Senior oil and gas professionals in the Middle East and North Africa (MENA) are optimistic about the sector’s growth in 2019, according to new research by DNV GL. In its A test of resilience report, it noted that 83% of MENA professionals surveyed expressed confidence in the industry’s growth for the year, compared to 63% last year and to 76% globally now.
The research is based on a global survey of nearly 800 senior and gas professionals, as well as in-depth interviews with industry leaders.
MENA respondents’ optimism concerning overall prospects for their own organizations in 2019 has also risen over the past year, from 78% to 85%, and is second only to China (92%). As confidence grows, 83% in MENA predict their companies will increase or maintain capital expenditure in 2019, the highest such level of confidence among regions in DNV GL’s analysis. Nearly two thirds (62%) in MENA believe their organizations will favour projects that are adaptable within shorter time-frames.

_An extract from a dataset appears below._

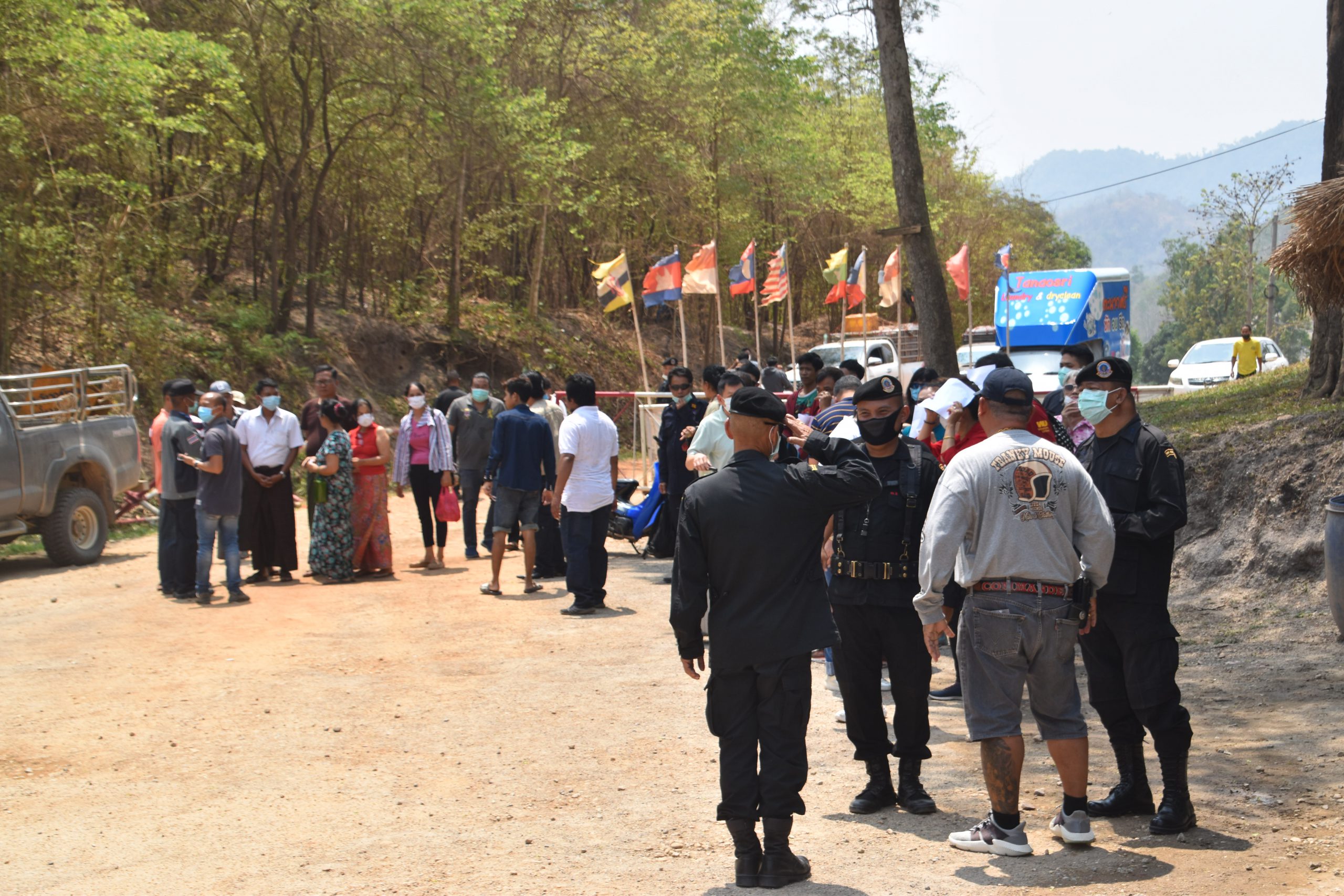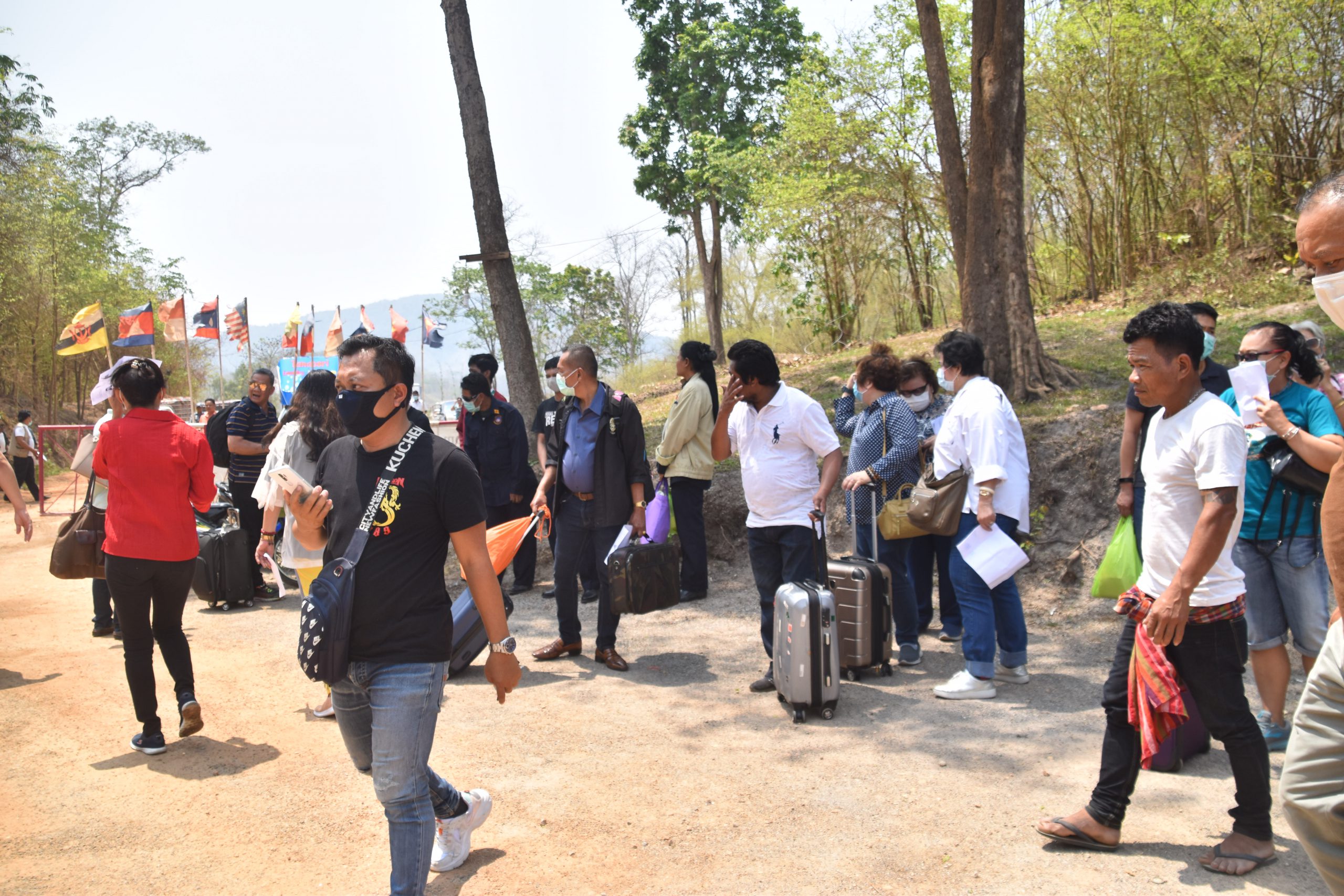 ล่าสุดเวลา 08.30 น. วันนี้ 21 มีนาคม 63 บริเวณจุดผ่านแดนถาวรบ้านพุน้ำร้อน หมู่ 12 ตำบลบ้านเก่า อำเภอเมือง จังหวัดกาญจนบุรี พบว่า มีแรงงานต่างด้าว ชาวเมียนมาทั้งหญิงและชายประมาณ 200 คน เดินทางกลับมาจากสถานที่ทำงานหลายจังหวัด มุ่งหน้ากลับประเทศของตนเองแต่ปรากฏว่าไม่สามารถข้ามชายแดนไปได้ เนื่องจากทางการไทยและเมียนมา ทำการปิดด่าน และห้ามคนไทยและชาวเมียนมาข้ามแดนเป็นการชั่วคราวโดยเด็ดขาด ซึ่งขณะนี้แรงงานทั้งหมดยังคงติดอยู่ที่ฝั่งไทย ใกล้กับจุดผ่านแดนถาวรบ้านพุน้ำร้อน โดยแรงงานชาวเมียนมา ให้ข้อมูลว่า แรงงานทั้งหมดมาจากหลายสถานที่ ทั้งในกรุงเทพฯ จังหวัดสมุทรปราการ และ จังหวัดสมุทรสาคร ประมาณ 200 คน หากกลับประเทศไม่ได้ พวกตนก็ไม่รู้จะทำอย่างไร เพราะที่ทำงานก็แจ้งให้พวกเราหยุดทำงานและกลับบ้านไปก่อน ดังนั้นเมื่อด่านทั้งสองฝั่งปิดเราก็คงต้องอยู่ฝั่งไทยไปจนกว่าจะครบระยะเวลา 14 วัน แต่อยากเรียกร้องให้ทางการไทยและเมียนมาพิจารณาผ่อนปรนเปิดให้ข้ามแดนวันนี้อีกหนึ่งวันก่อนจะทำการปิดด่าน เพื่อพวกเราได้เดินทางกลับประเทศ เนื่องจากสถานการณ์การแพร่ระบาดของไวรัส โควิด 19 มีแนวโน้มรุนแรงขึ้น อย่างไรก็ตามเหตุการณ์บริเวณชายแดนยังคงสงบเรียบร้อย โดยมีเจ้าหน้าตำรวจตรวจคนเข้าเมืองคอยประชาสัมพันธ์ให้แรงงานได้เข้าใจตามประกาศของกระทรวงมหาดไทย ขณะเดียวกันมีนักท่องเที่ยวชาวไทยจำนวนหนึ่ง ซึ่งข้ามไปท่องเที่ยวยังเมืองทวาย ภาคตะนาวศรี ประเทศเมียนมา และอีกส่วนหนึ่งเป็นนักแสวงโชคที่ข้ามไปเสี่ยงโชคกันตามบ่อนการพนันต่างๆ ในบ่อนฝั่งบ้านทิกิ ตรงข้ามบ้านพุน้ำร้อน ยังไม่สามารถเดินทางกลับประเทศได้เช่นกัน ซึ่งคาดว่ามีประมาณ 300 คนต่อมาเมื่อเวลา 10.30 น. นายจีระเกียรติ ภูมิสวัสดิ์ ผู้ว่าราชการจังหวัดกาญจนบุรี ได้เดินทางมาที่ด่านผ่านแดนถาวรบ้านพุน้ำร้อน ตำบลบ้านเก่าอำเภอเมือง จังหวัดกาญจนบุรี เพื่อตรวจความเรียบร้อย หลังจากที่ได้ประกาศห้ามบุคคล และยานพาหนะ เข้า – ออก ประเทศไทย และได้รับการร้องเรียนว่า หลังจากมีประกาศห้ามบุคคล และยานพาหนะเข้า – ออก มีประชาชนไทยที่เดินทางเข้าไปท่องเที่ยว และแสวงโชค (เล่นการพนัน)ในประเทศเมียนมา กว่า 300 คน ไม่สามารถเดินทางกลับมายังประเทศไทยได้ นายจีระเกียรติ จึงได้สั่งการให้ เจ้าหน้าที่ตรวจคนเข้าเมือง นำคนไทยที่ตกค้างในประเทศเมียนมา กลับมายังประเทศไทยภายใน 18.00 น.ของวันนี้ 21 มีนาคม 2563 และให้นำประชาชนชาวเมียนมากลับประเทศ ภายในวันนี้เช่นกัน ส่วนอาหารที่ชาวเมียนมาต้องอาศัยซื้อจากประ

“It is quite a dramatic step up if you look at the data,” says Ben Oudman, regional manager for Continental Europe, the Middle East, East Africa and India at DNV GL – Oil & Gas. “Confidence is back at levels like in 2010, 2011 and 2012, the heady days when oil prices were $120 per barrel. As companies have been successful at driving down costs, they can live with an oil price sitting around the $60 space, and they have made themselves much more robust to deal with fluctuation in oil price.”
More than half (53%) of the region’s senior oil and gas professionals now agree that companies will be able to achieve high profitability in the next decade, well up on the 39% who thought so in 2018. In addition, cost controls remain firmly in place: 89% expect them to increase or stay the same this year, compared to 82% last year.